On March 17, the New Hampshire House of Representatives passed a bill that would cut the state’s cigarette tax by a dime, to $1.68 per pack. Two other states with high tobacco taxes—New Jersey and Rhode Island—are also considering proposals to reduce taxes on tobacco products to make their state’s tax rates more competitive.
This reversal in policy would be fiscally responsible and especially beneficial to low-income people.
Many economists have noted that many states’ cigarette taxes are so high that further tax increases will bring in less revenue than expected and may actually cause the states to lose revenue. After New Jersey raised its cigarette tax 17.5 cents, it experienced a net loss of $24 million in revenue over the next two years.
New Jersey’s revenue drop and results from other states show cigarette tax hikes do not fix budget “potholes” and instead create more long-term budget problems. Lower-income taxpayers are unduly affected by this regressive tax, and de facto “prohibition environments” have been created in some of the higher-tax areas, causing crimes such as smuggling.
Despite these problems, some states with relatively low tobacco taxes, such as California, Georgia, and Idaho, are considering sacrificing their competitive advantage by raising these taxes. These tax hikes would probably increase revenue somewhat in the short term, but the revenues will likely be less than expected, and the revenue stream will dry up over time. That is why some states are thinking about reducing their tax rates.

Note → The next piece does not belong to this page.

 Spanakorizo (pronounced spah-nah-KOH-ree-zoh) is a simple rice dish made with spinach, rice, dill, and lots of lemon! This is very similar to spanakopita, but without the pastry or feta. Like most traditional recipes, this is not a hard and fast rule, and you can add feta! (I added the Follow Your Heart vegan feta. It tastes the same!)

As smoking rates continue to fall and more people purchase their smokes from less-taxed venues, a new shortfall in revenue is left for other taxpayers to pick up. These revenue gaps will likely leave taxpayers back on the hook for higher taxes to cover the excess spending that was propped up by tobacco taxes in the first place. According to a study by the National Taxpayers Union, “41 of 59 state tobacco tax increases between fiscal years 2001 and 2006 were followed by tax hikes in the two-year period following enactment.”
Instead of drawing a line on spending, far too many politicians have turned to “sin” taxes on tobacco, soda, alcohol, and other targeted products to duct-tape their budgets. Even so-called fiscal conservatives often support regressive tax hikes on “sins” to fill budget holes, instead of tackling spending.

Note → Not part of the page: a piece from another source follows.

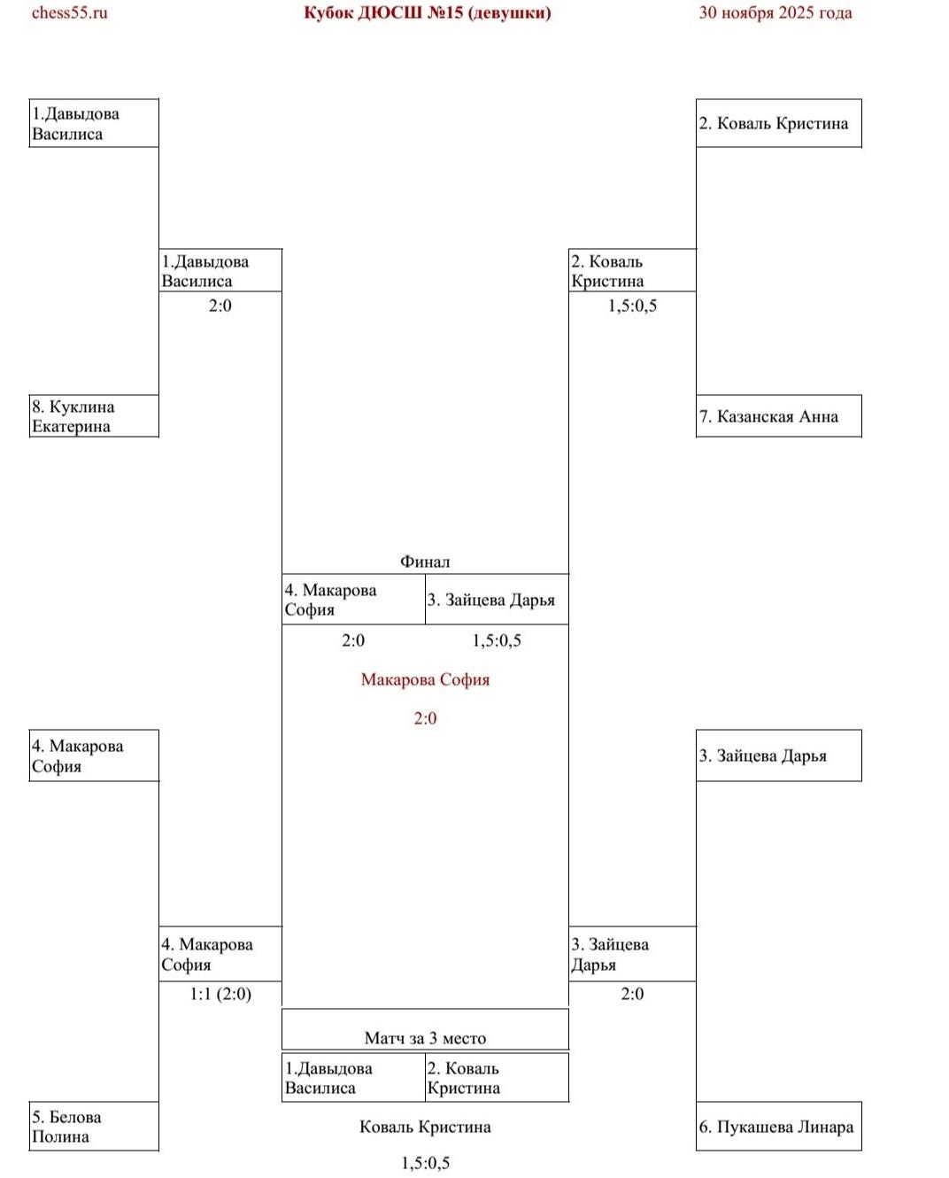 В воскресенье, 30 ноября 2025 года, за право владения кубком в течение года боролись девушки. Восемь участниц играли с контролем 10+5. Если две партии в быстрые шахматы не позволяли выявить сильнейшую, то далее игрались две партии в блиц с контролем 3+2. Они понадобились победительнице Кубка ДЮСШ Софии Макаровой, чтобы пройти Полину Белову на пути в четверку.

In many cases these taxes don’t even have a significant impact on the social or health problem their proponents claim they’ll help fix. Anti-smoking advocates often argue these taxes reduce the number of smokers, and to some extent that’s true, but most smokers merely avoid the tax, thereby hurting local businesses. The taxes just encourage people to buy tobacco products in the black market, online, or across state lines.
States should be looking to create competitive tax advantages and preserve any advantages they already enjoy. It would be smart of New Hampshire, Rhode Island, and New Jersey to buck the trend and begin lowering their tobacco taxes. And California, Georgia, and Idaho would do well not to give up their tax advantage.